▶ [Exercise instructions] Word for word, output the data, with none of its pictures.

▶ [Supplied material]
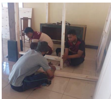
Gambar 7. Pembuatan Sanggar Nawasena di Balai Padukuhan

Untuk menunjang kegiatan sanggar nawasena di setiap padukuhanya, tim PPK Ormawa melakukan pembuatan sanggar nawasena. Dalam pembuatannya, konsep dari bentuk sanggar dari setiap dusunya berbeda-beda disesuaikan dengan kondisi di setiap balai dusunya. Pembuatan sanggar nawasena ini dilaksanakan pada tanggal 6 Agustus hingga 13 Agustus 2023. Dalam pembuatannya, tim PPK Ormawa dibantu oleh masyarakat dusun sekitar.
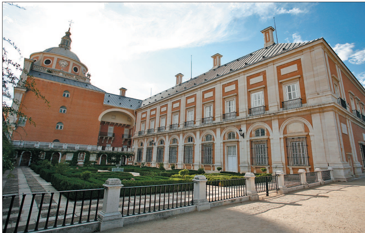
A la izquierda, el Palacio Real de Aranjuez. A la derecha, una de las visitas guiadas por las corralas de Madrid

▶ [Task solution]
Gambar 7. Pembuatan Sanggar Nawasena di Balai Padukuhan

Untuk menunjang kegiatan sanggar nawasena di setiap padukuhanya, tim PPK Ormawa melakukan pembuatan sanggar nawasena. Dalam pembuatannya, konsep dari bentuk sanggar dari setiap dusunya berbeda-beda disesuaikan dengan kondisi di setiap balai dusunya. Pembuatan sanggar nawasena ini dilaksanakan pada tanggal 6 Agustus hingga 13 Agustus 2023. Dalam pembuatannya, tim PPK Ormawa dibantu oleh masyarakat dusun sekitar.
A la izquierda, el Palacio Real de Aranjuez. A la derecha, una de las visitas guiadas por las corralas de Madrid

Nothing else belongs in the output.